This list seems like a good place to discuss it.

-Ken


Re: [whatwg] API for encoding/decoding ArrayBuffers into text

2012-03-13 Thread Glenn Maynard
On Tue, Mar 13, 2012 at 5:49 PM, Jonas Sicking  wrote:

> Something that has come up a couple of times with content authors
> lately has been the desire to convert an ArrayBuffer (or part thereof)
> into a decoded string. Similarly being able to encode a string into an
> ArrayBuffer (or part thereof).
>

There was discussion about this before:

https://www.khronos.org/webgl/public-mailing-list/archives//msg00017.html
http://wiki.whatwg.org/wiki/StringEncoding

(I don't know why it was on the WebGL list; typed arrays are becoming
infrastructural and this doesn't seem like it belongs there, even though
ArrayBuffer was started there.)

The API on that wiki page is a reasonable start.  For the same reasons that
we discussed in a recent thread (
http://lists.w3.org/Archives/Public/public-webapps/2011JulSep/1589.html),
conversion errors should use replacement (eg. U+FFFD), not throw
exceptions.  The "any" arguments should be fixed.  Encoding to UTF-16
should definitely not prefix a BOM, and UTF-16 having unspecified
endianness is obviously bad.

I'd also suggest that, unless there's serious, substantiated demand for
it--which I doubt--only major Unicode encodings be supported.  Don't make
it easier for people to keep using legacy encodings.

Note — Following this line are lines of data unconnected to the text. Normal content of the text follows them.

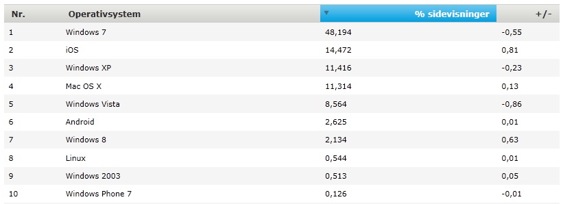 Windows 7 ligger nogenlunde konstant med en udbredelse på 49 procent.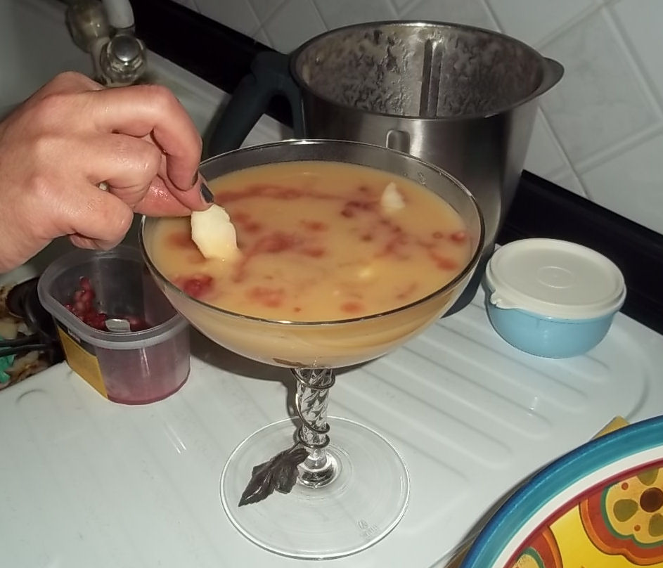 5. Guarnire con la panna montata e decorare il tutto con altri chicchi di melagrana e, a piacere, con alcune foglie di mela annurca ben lavate.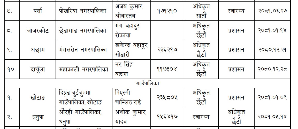 स्वास्थ्यकर्मी देखि प्राविद्यिक धारका कर्मचारीलाई निमित्त दिएर आर्थिक तथा प्रशासनिक कामहरु हुँदै आएकोमा अब सो ठाउँमा नयाँ जिम्मेवारीका साथ प्रमुख प्रशासकीय अधिकृत पठाइदिने मन्त्रालयले जनाएको छ । धनुसाको धनुसाधाम नगरपालिका , सप्तरीको कन्तरुप नगरपालिका , सिराहको सिराह नगरपालिका , महोतरीको लोहरपट्टी नगरपालिका , भाँगाह नगरपालिका , बाराको महागढीमाई , पर्साको पोखरिया , जाजरकोटको छेडागाड , अछामको मंगलसेन , दाचुलाको महाकाली नगरपालिकाका निमित्त प्रमुख प्रशासकीय अधिकृतलाई जिम्मेवारीबाट हटाएको छ ।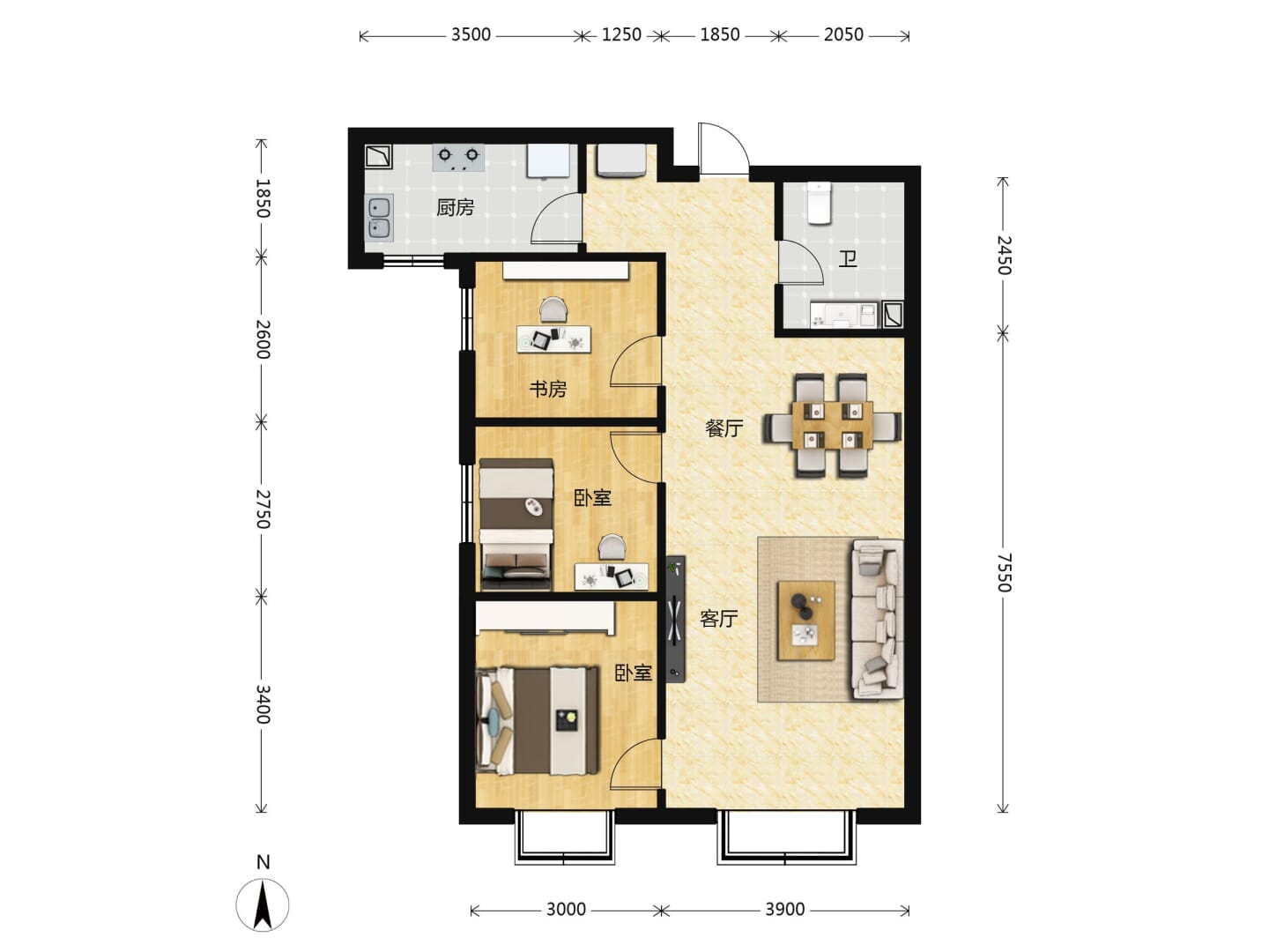 了解3室2厅1卫 住宅 在售户型的详细信息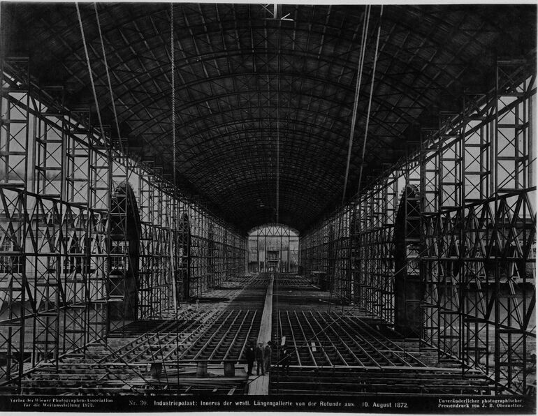 - Text am Objekt: Weltausstellung in Wien 1873 / Bauten auf dem Ausstellungsplatze / Photographie und Verlag der concessionirten / Wiener Photographischen Association. am Foto: Rotunde von aussen
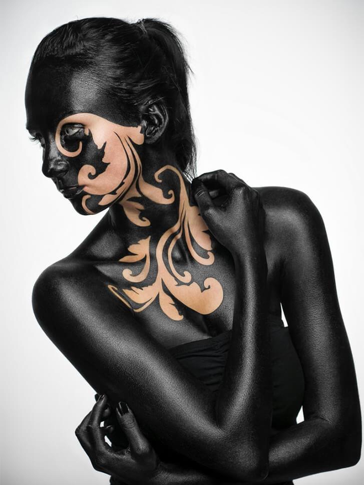 Es scheint, als wäre diese Frau zunächst vollständig in Schwarz gemalt worden, und das Muster wurde geschaffen, indem die Farbe von ihrer Haut entfernt wurde, um ihren natürlichen Teint durchscheinen zu lassen. Ihr natürlicher beiger Hautton bildet einen Kontrast zur schwarzen Farbe.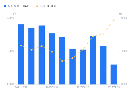 近一年(2024年9月30日至2025年9月30日),融捷股份A股股东户数从6.32万户,减低至5.04万户,降幅20.21%,区间股价上涨14.75%。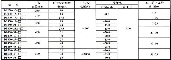 注:1.電極臂長度與電極柱的連接方式按供需雙方協議進行。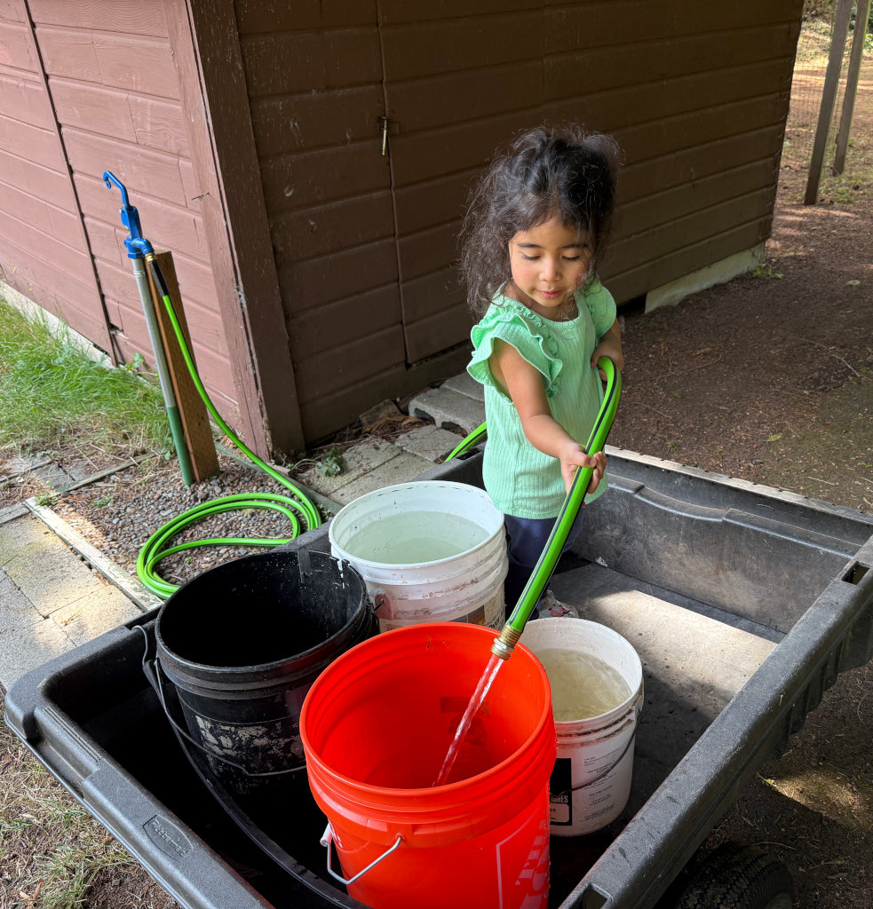 Here she is in the photo filling water buckets in a wagon pulled by a lawn tractor. Once at the tree, she was delighted to use the little bucket to do the watering. She had me keep adding water to it from the big buckets.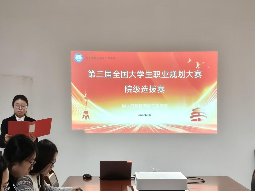 为助力学生锚定职业方向、提升生涯规划素养,为未来职业发展积蓄动能,2025年12月3日,国测学院于理工东C204举办第三届全国大学生职业生涯规划大赛院级选拔赛。本次赛事的评委由国测学院党委副书记李娟及辅导员老师共同担任。
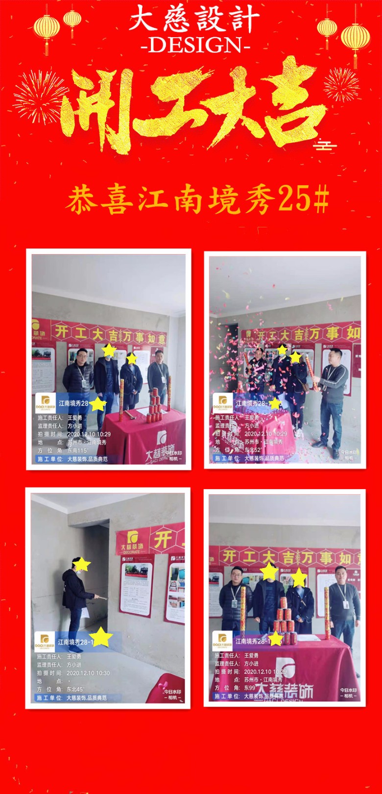 2020年12月6日,大慈装饰全体员工热烈祝贺业主竣工大吉!

> Shouldn't this just be another ArrayBufferView type with special
> semantics, like Uint8ClampedArray? DOMStringArray or some such? And/or a
> getString()/setString() method pair on DataView?

I don't think so, because retrieving the N'th decoded/reencoded character
isn't a constant-time operation.

-- 
Glenn Maynard


Re: [whatwg] API for encoding/decoding ArrayBuffers into text

2012-03-13 Thread Jonas Sicking
On Tue, Mar 13, 2012 at 4:08 PM, Kenneth Russell  wrote:
> Joshua Bell has been working on a string encoding and decoding API
> that supports the needed encodings, and which is separable from the
> core typed array API:
>
> http://wiki.whatwg.org/wiki/StringEncoding
>
> This is the direction I prefer. String encoding and decoding seems to
> be a complex enough problem that it should be expressed separately
> from the typed array spec itself.

Very cool. Where do I provide feedback to this? Here?

/ Jonas


Re: [whatwg] API for encoding/decoding ArrayBuffers into text

2012-03-13 Thread Jonas Sicking
On Tue, Mar 13, 2012 at 3:58 PM, Tab Atkins Jr.  wrote:
> On Tue, Mar 13, 2012 at 3:49 PM, Jonas Sicking  wrote:
>> Hi All,
>>
>> Something that has come up a couple of times with content authors
>> lately has been the desire to convert an ArrayBuffer (or part thereof)
>> into a decoded string. Similarly being able to encode a string into an
>> ArrayBuffer (or part thereof).
>>
>> Something as simple as
>>
>> DOMString decode(ArrayBufferView source, DOMString encoding);
>> ArrayBufferView encode(DOMString source, DOMString encoding,
>> [optional] ArrayBufferView destination);
>>
>> would go a very long way. The question is where to stick these
>> functions. Internationalization doesn't have a obvious object we can
>> hang functions off of (unlike, for example crypto), and the above
>> names are much too generic to turn into global functions.
>>
>> Ideas/opinions/bikesheds?
>
> Python3 just defines str.encode and bytes.decode.  Can we not do this
> with String.encode and ArrayBuffer.decode?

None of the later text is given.